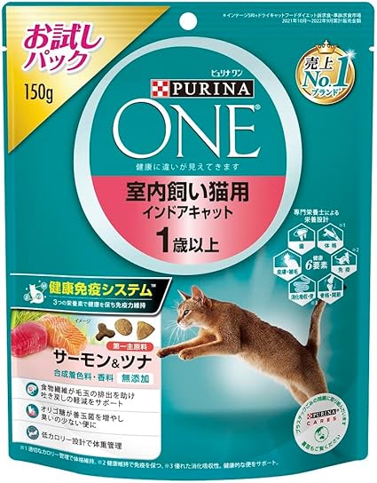 天然食物繊維を配合し、毛玉をケア。天然オリゴ糖が腸内の善玉菌に働きかけ、便の臭いに配慮。新鮮なサーモン&ツナを主原料に使用した低カロリー設計。
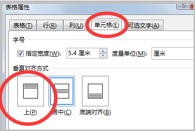 4、然后切换到“单元格”中设置“垂直对齐方式”为“上”选项。
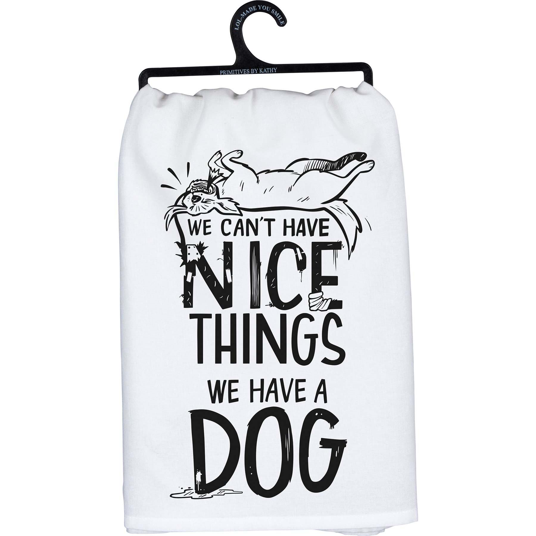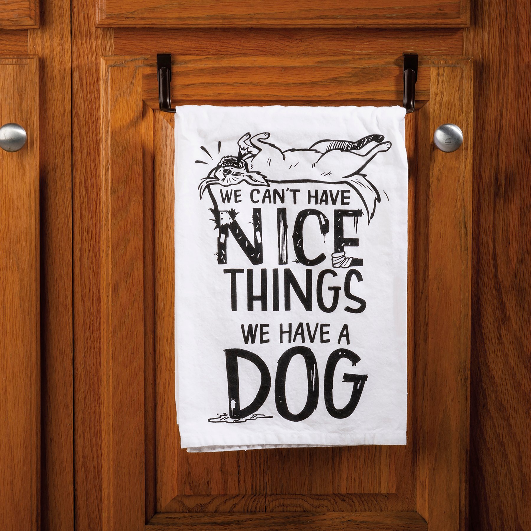 A black and white cotton kitchen towel featuring a hand lettered "We Can't Have Nice Things We Have A Dog" sentiment with coordinating illustrations. Machine-washable.
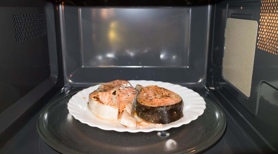 Когда прозвучали сигналы завершения работы, извлекли рыбу из микроволновой печи.
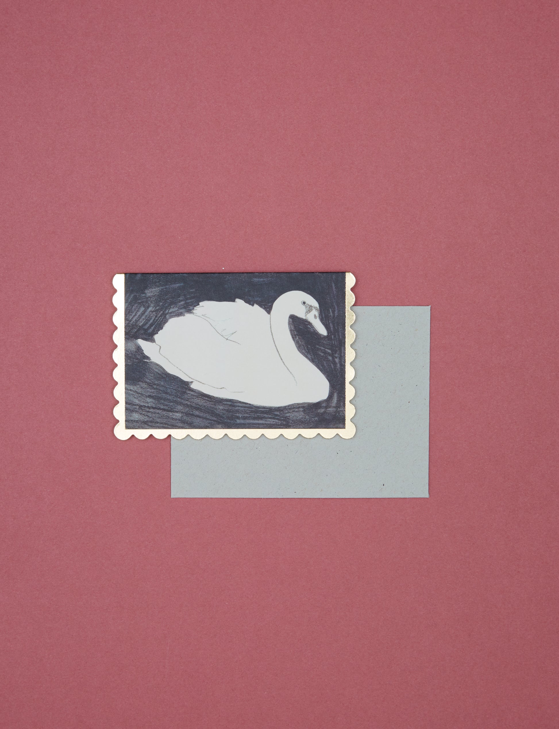 Lovely mini card with gold foil scalloped edges. Each one is paired with a recycled grey flecked C7 envelope.
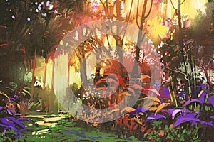 Beautiful forest with sunlight
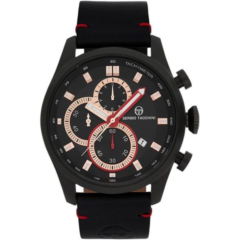 Мъжки часовник Sergio Tacchini  със спортно-елегантен дизайн от колекцията Archivio Chronograph. Моделът е с дисплей хронограф (точност 1/10 от секундата и максимално измервано време 60 минути). Фосфоресцентно покритие на стрелките и индексите. Минерално стъкло, устойчиво на надраскване. Корпус от неръждаема стомана, съчетан с каишка от естествена кожа. Прецизен кварцов механизъм VD57 SEIKO HATTORI произведен в Япония. Водоустойчивост 5 ATM - допускат се леки пръски и взимане на душ, не се препоръчва обилно мокрене.
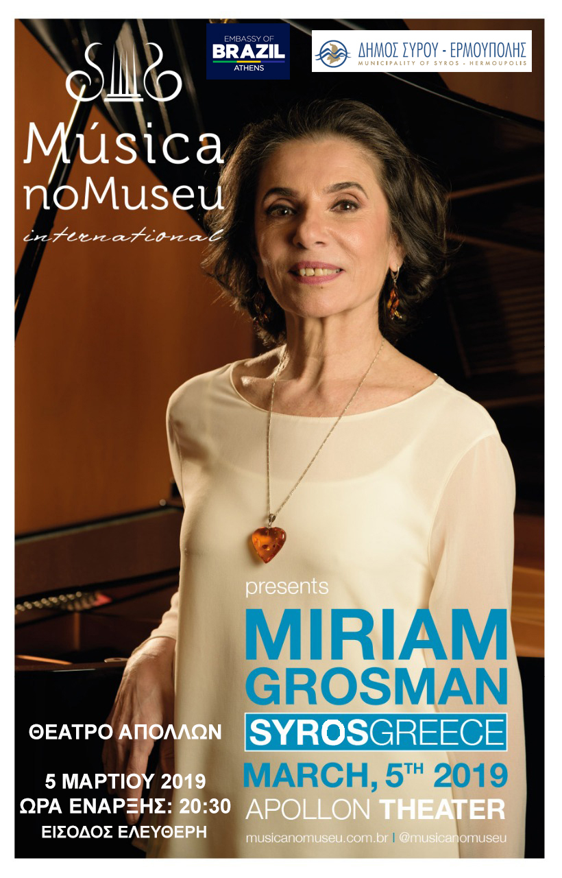 Στο πλαίσιο του Συριανού Καρναβαλιού «Γεώργιος Σουρής» 2019, ο Δήμος Σύρου- Ερμούπολης, σε συνδιοργάνωση με την Πρεσβείας της Βραζιλίας, παρουσιάζουν ένα ρεσιτάλ πιάνου MIRIAM GROSMAN στο Θέατρο Απόλλων, την Τρίτη 5 Μαρτίου 2019 και ώρα 20:30.
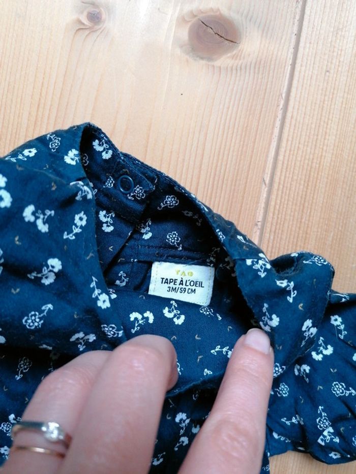 Jolie blouse légère bleue marine imprimé petites fleurs. Ouverture complète par pressions dans le dos. État neuf. Juste lavée. Tao 3mois #hanna9889fille3mois
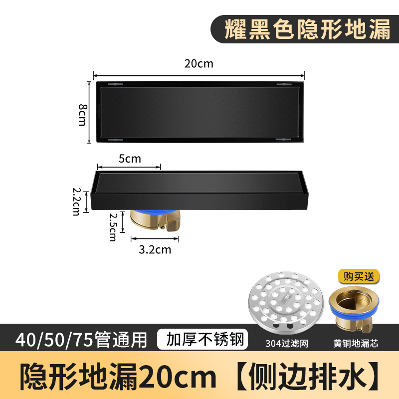 - Specification: Polished black invisible 20cm [Side drainage - copper core]
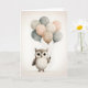 Boho Stil minimalistische Kunstwerke einer Eule mit Ballons. Blank Grußkarte zum Geburtstag, Jubiläum, neues Baby, danke, etc.
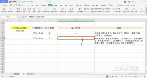 可以看到会弹出一个弹窗,里面有两个参数,别离是日期序号、返回类型。可以手动输入,也可以鼠标选中单位格的内容引用。
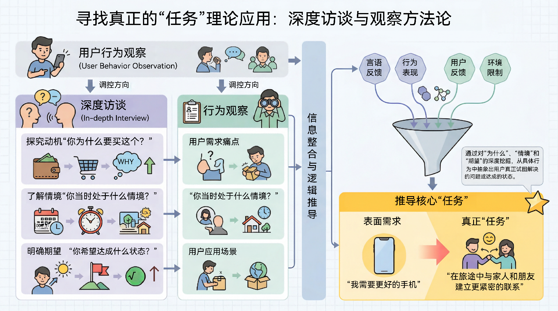 寻找真正的“任务”: 通过深度访谈和观察,问“为什么”?你为什么要买这个?你当时处于什么情境?你希望达成什么状态?
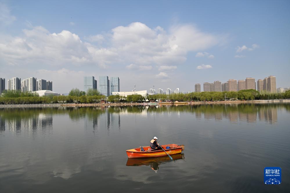 在太原市汾河公園,河道清潔工在清理汾河里的垃圾(2023年4月7日攝)。新華社記者 詹彥 攝
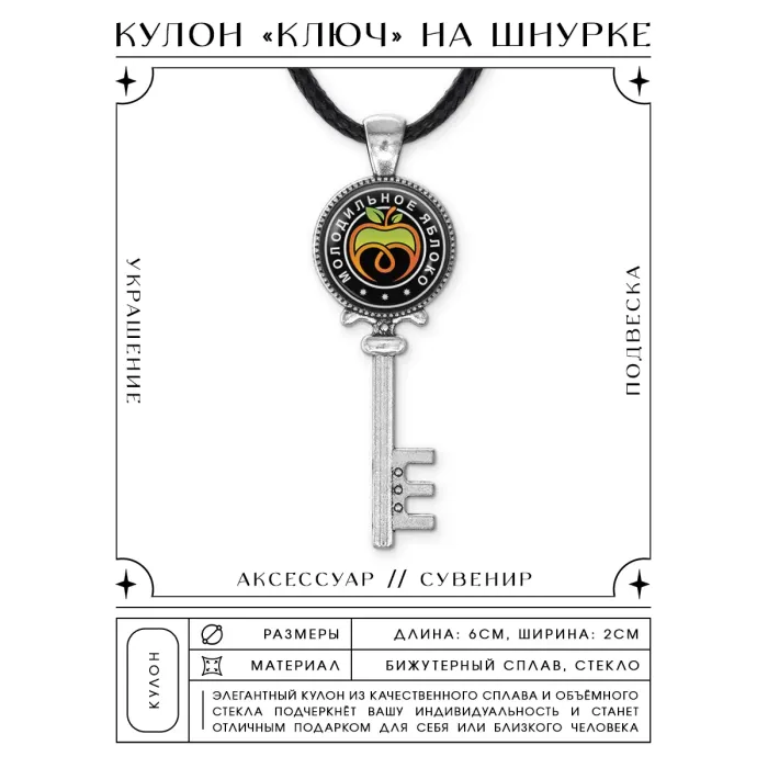 Кулон «Ключ Молодильное яблоко» — это уникальный амулет, который сочетает в себе красоту и символику. Этот кулон выполнен из бижутерного сплава с покрытием под серебро, что придаёт ему элегантный вид и долговечность. Размер изделия составляет 60х20 мм, а диаметр изображения — 18 мм, что делает его заметным аксессуаром. Изображение защищено выпуклой стеклянной линзой, обеспечивая дополнительную защиту и яркость цветов. В комплект входит шнурок с застёжкой для удобства ношения. Товар упакован в прозрачный пакет, что делает его отличным вариантом для подарка или личного использования.
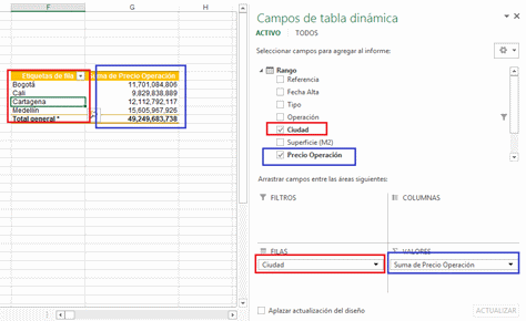 Se trata de un esquema donde tenemos en la tabla dinámica los distintos tipos de inmuebles en Filas y en Columnas están los valores para cada una de las ciudades.

▸ Your task: Pictures are to be left out. Everything else in the records must be written out exactly.

▸ Answer box:
 天然食物繊維を配合し、毛玉をケア。天然オリゴ糖が腸内の善玉菌に働きかけ、便の臭いに配慮。新鮮なサーモン&ツナを主原料に使用した低カロリー設計。
 4、然后切换到“单元格”中设置“垂直对齐方式”为“上”选项。
 A black and white cotton kitchen towel featuring a hand lettered "We Can't Have Nice Things We Have A Dog" sentiment with coordinating illustrations. Machine-washable.
 Когда прозвучали сигналы завершения работы, извлекли рыбу из микроволновой печи.
 Lovely mini card with gold foil scalloped edges. Each one is paired with a recycled grey flecked C7 envelope.
 Beautiful forest with sunlight
 Мъжки часовник Sergio Tacchini  със спортно-елегантен дизайн от колекцията Archivio Chronograph. Моделът е с дисплей хронограф (точност 1/10 от секундата и максимално измервано време 60 минути). Фосфоресцентно покритие на стрелките и индексите. Минерално стъкло, устойчиво на надраскване. Корпус от неръждаема стомана, съчетан с каишка от естествена кожа. Прецизен кварцов механизъм VD57 SEIKO HATTORI произведен в Япония. Водоустойчивост 5 ATM - допускат се леки пръски и взимане на душ, не се препоръчва обилно мокрене.
 Στο πλαίσιο του Συριανού Καρναβαλιού «Γεώργιος Σουρής» 2019, ο Δήμος Σύρου- Ερμούπολης, σε συνδιοργάνωση με την Πρεσβείας της Βραζιλίας, παρουσιάζουν ένα ρεσιτάλ πιάνου MIRIAM GROSMAN στο Θέατρο Απόλλων, την Τρίτη 5 Μαρτίου 2019 και ώρα 20:30.
 Jolie blouse légère bleue marine imprimé petites fleurs. Ouverture complète par pressions dans le dos. État neuf. Juste lavée. Tao 3mois #hanna9889fille3mois
 - Specification: Polished black invisible 20cm [Side drainage - copper core]
 Boho Stil minimalistische Kunstwerke einer Eule mit Ballons. Blank Grußkarte zum Geburtstag, Jubiläum, neues Baby, danke, etc.
 可以看到会弹出一个弹窗,里面有两个参数,别离是日期序号、返回类型。可以手动输入,也可以鼠标选中单位格的内容引用。
 寻找真正的“任务”: 通过深度访谈和观察,问“为什么”?你为什么要买这个?你当时处于什么情境?你希望达成什么状态?
 在太原市汾河公園,河道清潔工在清理汾河里的垃圾(2023年4月7日攝)。新華社記者 詹彥 攝
 Кулон «Ключ Молодильное яблоко» — это уникальный амулет, который сочетает в себе красоту и символику. Этот кулон выполнен из бижутерного сплава с покрытием под серебро, что придаёт ему элегантный вид и долговечность. Размер изделия составляет 60х20 мм, а диаметр изображения — 18 мм, что делает его заметным аксессуаром. Изображение защищено выпуклой стеклянной линзой, обеспечивая дополнительную защиту и яркость цветов. В комплект входит шнурок с застёжкой для удобства ношения. Товар упакован в прозрачный пакет, что делает его отличным вариантом для подарка или личного использования.
 Se trata de un esquema donde tenemos en la tabla dinámica los distintos tipos de inmuebles en Filas y en Columnas están los valores para cada una de las ciudades.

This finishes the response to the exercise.